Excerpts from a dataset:
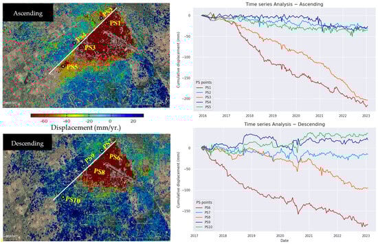 Furthermore, the descending track analysis indicates a noticeable decrease in deformation values, suggesting a downward trend in the area’s deformation pattern. This pattern aligns with observations made from ascending track data. We observed distinct deformation values for PS6 (−181 mm) and PS8 (−95 mm), while in the north, nearby points such as PS7 (−15 mm) and PS9 (−5 mm) exhibited very similar deformation values but with a declining trend.
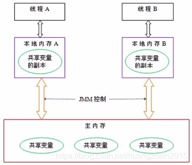 JMM作为虚拟机规范的一部分内容,规定了:每个线程都有自己的工作内存,工作内存中的“共享变量”只是主存共享变量在本地的私有拷贝,对数据的操作都只能在工作内存中进行,更新之后需要同步回主存,而不同的线程之间无法访问其它线程工作内存里的变量,线程之间值的传递必须通过主存来完成等等。如下图所示(网图):
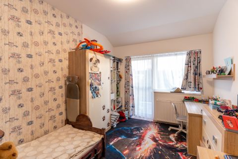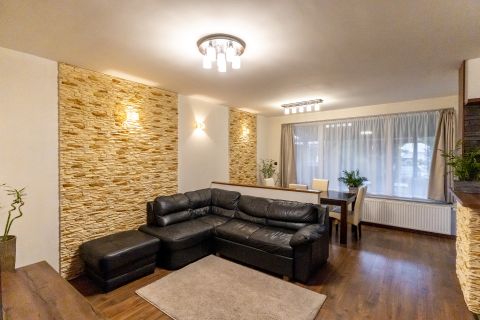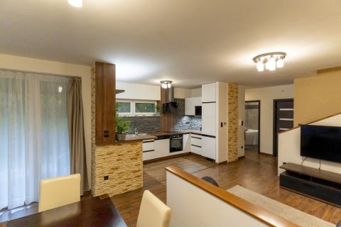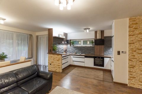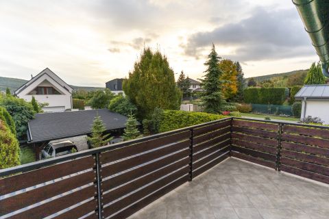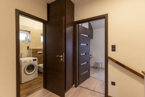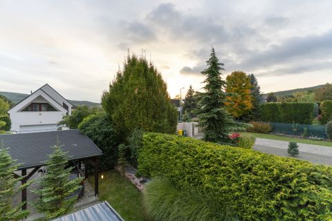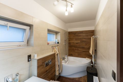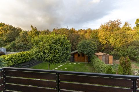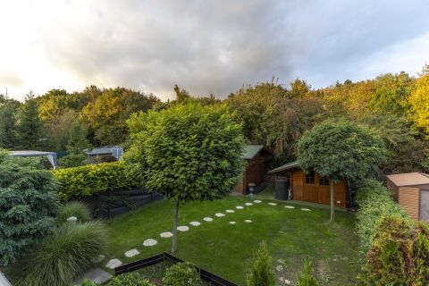 A házhoz tartozó igényes telek vízszintes és a végén gyönyörű erdősáv húzódik amitől még egyedibb és ritkává teszi az ingatlant.
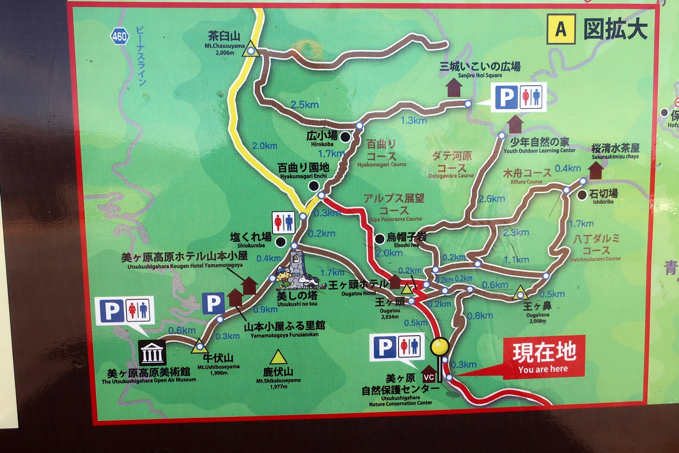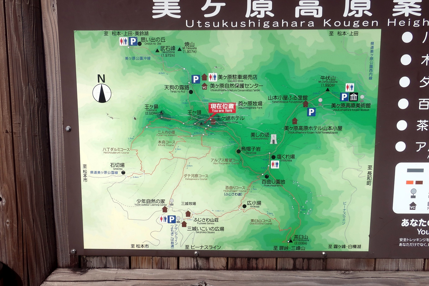 思い出の丘駐車場から車で約5キロ、10分弱移動して美ヶ原自然保護センター駐車場に到着。ここから王ヶ鼻~王ヶ頭へ。
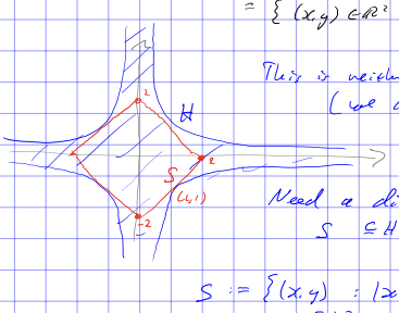 ๐ = { ( ๐ 1 , โฆ , ๐ ๐ 1 , ๐ฅ 1 , ๐ฆ 1 , โฆ , ๐ฅ ๐ 2 , ๐ฆ ๐ 2 : ๐ 1 โ ๐ = 1 | ๐ ๐ | + 2 ๐ 2 โ ๐ = 1 โ ๐ฅ 2 ๐ + ๐ฆ 2 ๐ โค ๐ } which looks like
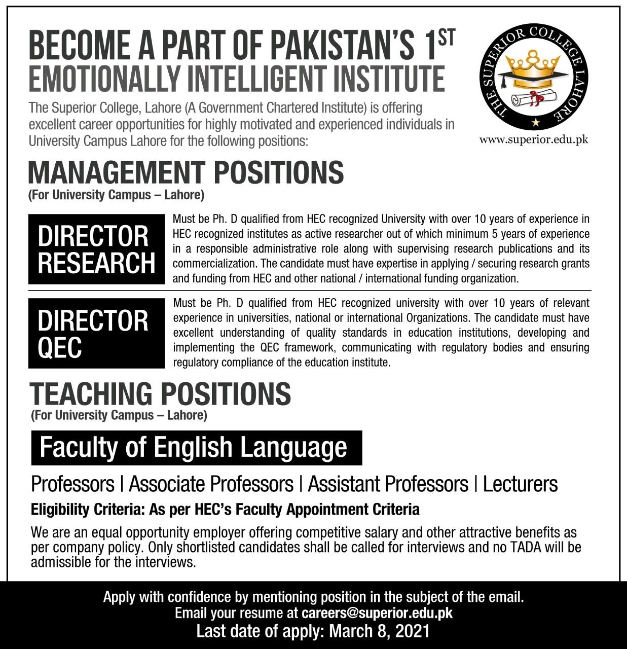 EduJobs Pakistan is an independent platform dedicated to providing information about education sector job opportunities in Pakistan, sourced from prominent newspapers and official institution channels. Our goal is to assist job seekers nationwide by delivering timely updates on available positions. As a precaution, refrain from making any payments if an employer requests fees for activities such as shortlisting or interviews. Ensure that you apply according to the instructions and dates specified in the original job advertisement. EduJobs Pakistan is not liable for inaccuracies or misrepresentations in job ads. If you have any uncertainties, we recommend visiting the institution’s official website or contacting them through their official contact numbers for verification. Please note, EduJobs Pakistan operates independently and is not affiliated with any government entity.
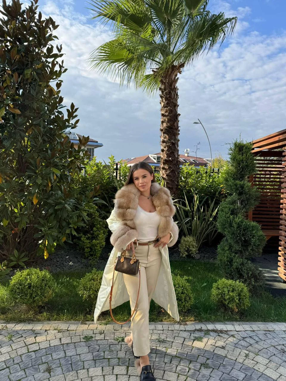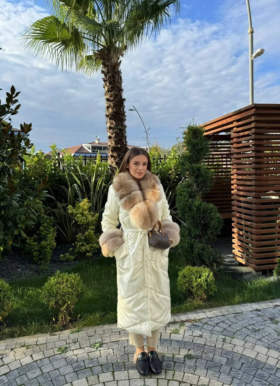 Μακρύ premium παρκά σε σατινέ ιβουάρ απόχρωση, με εντυπωσιακή αληθινή γούνα στον γιακά και στα μανίκια. Προσφέρει απόλυτη ζεστασιά χωρίς βάρος, ενώ η ζώνη στη μέση διαμορφώνει τέλεια σιλουέτα. Έχει κομψή λάμψη, high-end λεπτομέρειες και διαχρονικό design που απογειώνει κάθε εμφάνιση από το πρωί μέχρι το βράδυ. Ιδανικό για χειμερινές εμφανίσεις με πολυτελή αισθητική. Σε περίπτωση που κάποιο νούμερο δεν είναι άμεσα διαθέσιμο, υπάρχει δυνατότητα κατασκευής κατόπιν παραγγελίας, προσαρμοσμένης στα μέτρα σας. Ο χρόνος παράδοσης είναι έως 10 εργάσιμες ημέρες.

▶ [Your assignment]:
Your task is to repeat the data above exactly while excluding the pictures.

▶ [Solved exercise]:
 Furthermore, the descending track analysis indicates a noticeable decrease in deformation values, suggesting a downward trend in the area’s deformation pattern. This pattern aligns with observations made from ascending track data. We observed distinct deformation values for PS6 (−181 mm) and PS8 (−95 mm), while in the north, nearby points such as PS7 (−15 mm) and PS9 (−5 mm) exhibited very similar deformation values but with a declining trend.
 JMM作为虚拟机规范的一部分内容,规定了:每个线程都有自己的工作内存,工作内存中的“共享变量”只是主存共享变量在本地的私有拷贝,对数据的操作都只能在工作内存中进行,更新之后需要同步回主存,而不同的线程之间无法访问其它线程工作内存里的变量,线程之间值的传递必须通过主存来完成等等。如下图所示(网图):
 A házhoz tartozó igényes telek vízszintes és a végén gyönyörű erdősáv húzódik amitől még egyedibb és ritkává teszi az ingatlant.
 思い出の丘駐車場から車で約5キロ、10分弱移動して美ヶ原自然保護センター駐車場に到着。ここから王ヶ鼻~王ヶ頭へ。
 ๐ = { ( ๐ 1 , โฆ , ๐ ๐ 1 , ๐ฅ 1 , ๐ฆ 1 , โฆ , ๐ฅ ๐ 2 , ๐ฆ ๐ 2 : ๐ 1 โ ๐ = 1 | ๐ ๐ | + 2 ๐ 2 โ ๐ = 1 โ ๐ฅ 2 ๐ + ๐ฆ 2 ๐ โค ๐ } which looks like
 EduJobs Pakistan is an independent platform dedicated to providing information about education sector job opportunities in Pakistan, sourced from prominent newspapers and official institution channels. Our goal is to assist job seekers nationwide by delivering timely updates on available positions. As a precaution, refrain from making any payments if an employer requests fees for activities such as shortlisting or interviews. Ensure that you apply according to the instructions and dates specified in the original job advertisement. EduJobs Pakistan is not liable for inaccuracies or misrepresentations in job ads. If you have any uncertainties, we recommend visiting the institution’s official website or contacting them through their official contact numbers for verification. Please note, EduJobs Pakistan operates independently and is not affiliated with any government entity.
 Μακρύ premium παρκά σε σατινέ ιβουάρ απόχρωση, με εντυπωσιακή αληθινή γούνα στον γιακά και στα μανίκια. Προσφέρει απόλυτη ζεστασιά χωρίς βάρος, ενώ η ζώνη στη μέση διαμορφώνει τέλεια σιλουέτα. Έχει κομψή λάμψη, high-end λεπτομέρειες και διαχρονικό design που απογειώνει κάθε εμφάνιση από το πρωί μέχρι το βράδυ. Ιδανικό για χειμερινές εμφανίσεις με πολυτελή αισθητική. Σε περίπτωση που κάποιο νούμερο δεν είναι άμεσα διαθέσιμο, υπάρχει δυνατότητα κατασκευής κατόπιν παραγγελίας, προσαρμοσμένης στα μέτρα σας. Ο χρόνος παράδοσης είναι έως 10 εργάσιμες ημέρες.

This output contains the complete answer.